DATASET RECORDS below:
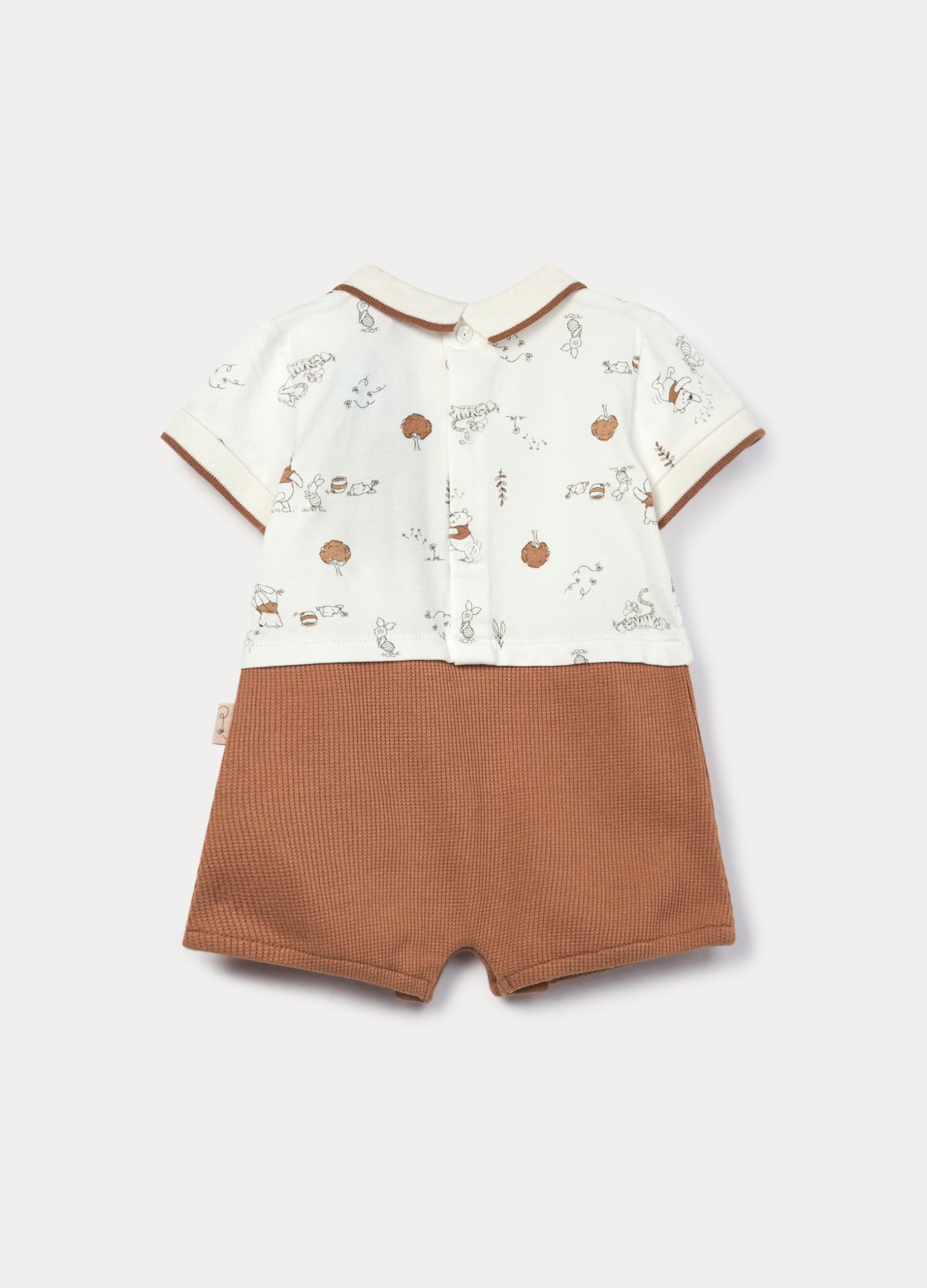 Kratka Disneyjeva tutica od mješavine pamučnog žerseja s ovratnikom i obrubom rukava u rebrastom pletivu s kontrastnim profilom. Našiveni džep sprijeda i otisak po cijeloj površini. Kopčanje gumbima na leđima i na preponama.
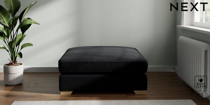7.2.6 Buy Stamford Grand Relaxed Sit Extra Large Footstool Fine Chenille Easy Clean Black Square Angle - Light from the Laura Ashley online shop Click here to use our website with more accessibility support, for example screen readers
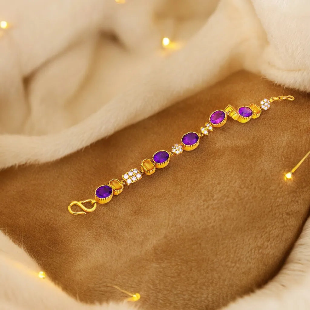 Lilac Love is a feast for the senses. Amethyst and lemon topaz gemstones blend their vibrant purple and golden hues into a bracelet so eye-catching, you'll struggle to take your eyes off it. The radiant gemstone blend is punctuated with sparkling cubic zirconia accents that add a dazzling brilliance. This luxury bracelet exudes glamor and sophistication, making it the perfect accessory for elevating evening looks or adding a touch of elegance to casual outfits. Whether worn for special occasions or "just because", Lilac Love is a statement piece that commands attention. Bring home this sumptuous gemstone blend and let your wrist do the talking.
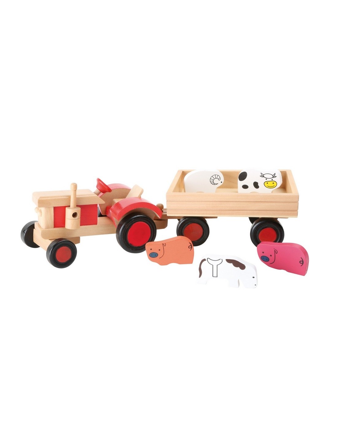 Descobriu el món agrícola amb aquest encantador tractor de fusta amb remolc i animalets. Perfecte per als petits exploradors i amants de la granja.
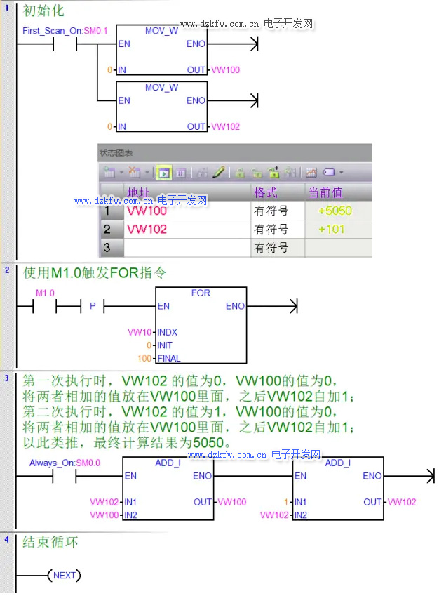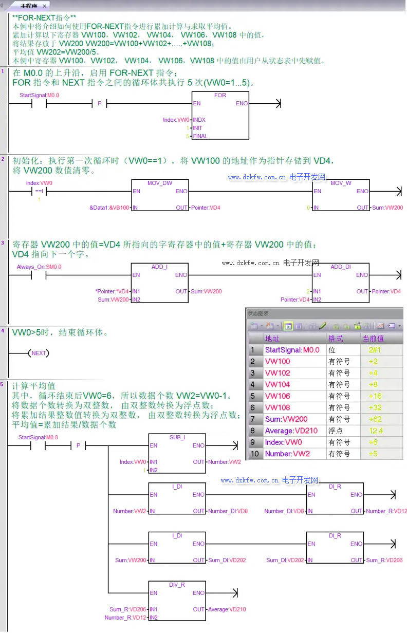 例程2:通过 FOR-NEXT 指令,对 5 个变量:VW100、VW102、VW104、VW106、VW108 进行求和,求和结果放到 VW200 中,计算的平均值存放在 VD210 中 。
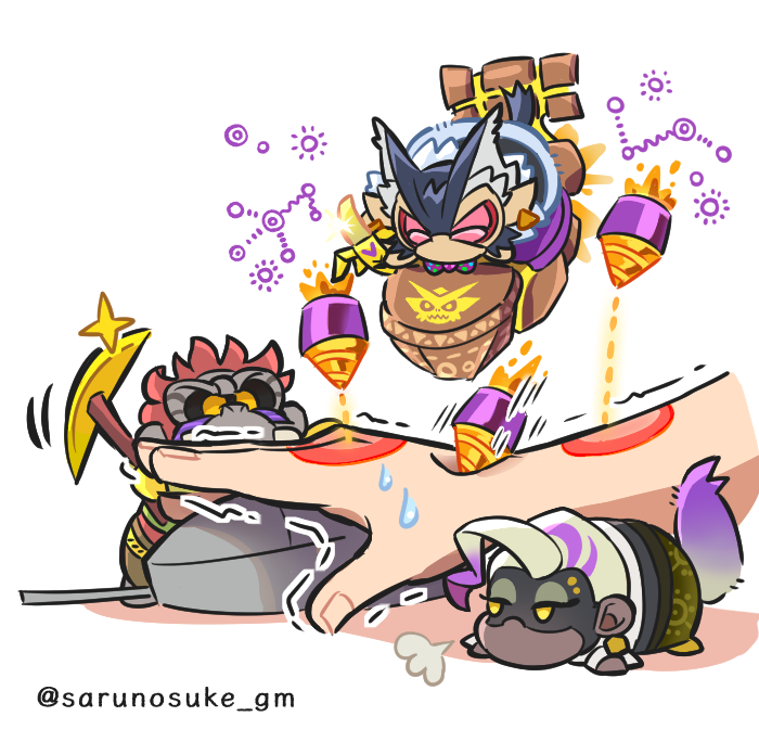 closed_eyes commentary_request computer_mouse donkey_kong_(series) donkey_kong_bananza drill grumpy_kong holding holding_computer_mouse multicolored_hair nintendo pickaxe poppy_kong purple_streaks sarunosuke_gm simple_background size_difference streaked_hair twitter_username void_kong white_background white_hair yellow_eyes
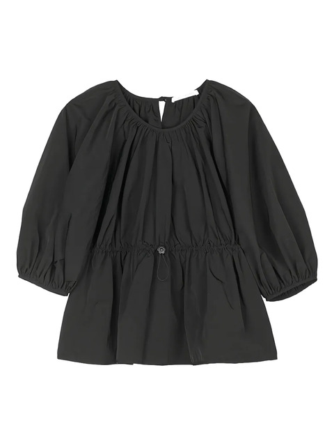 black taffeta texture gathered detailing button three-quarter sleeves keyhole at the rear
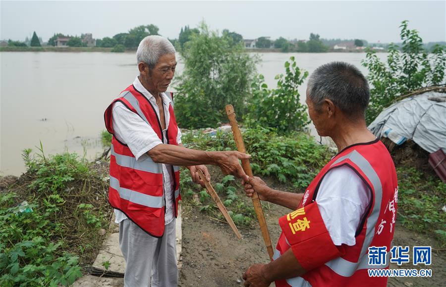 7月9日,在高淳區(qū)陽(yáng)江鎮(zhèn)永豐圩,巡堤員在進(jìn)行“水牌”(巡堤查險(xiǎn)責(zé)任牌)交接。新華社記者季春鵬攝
End of DATASET RECORDS.
▶ _WHAT YOU ARE ASKED TO DO_
Leave the pictures out, and copy exactly each line from the one containing "例程2:通过 FOR-NEXT 指令,对" through the final line of the data.

▶ _YOUR SOLUTION_
 例程2:通过 FOR-NEXT 指令,对 5 个变量:VW100、VW102、VW104、VW106、VW108 进行求和,求和结果放到 VW200 中,计算的平均值存放在 VD210 中 。
 closed_eyes commentary_request computer_mouse donkey_kong_(series) donkey_kong_bananza drill grumpy_kong holding holding_computer_mouse multicolored_hair nintendo pickaxe poppy_kong purple_streaks sarunosuke_gm simple_background size_difference streaked_hair twitter_username void_kong white_background white_hair yellow_eyes
 black taffeta texture gathered detailing button three-quarter sleeves keyhole at the rear
 7月9日,在高淳區(qū)陽(yáng)江鎮(zhèn)永豐圩,巡堤員在進(jìn)行“水牌”(巡堤查險(xiǎn)責(zé)任牌)交接。新華社記者季春鵬攝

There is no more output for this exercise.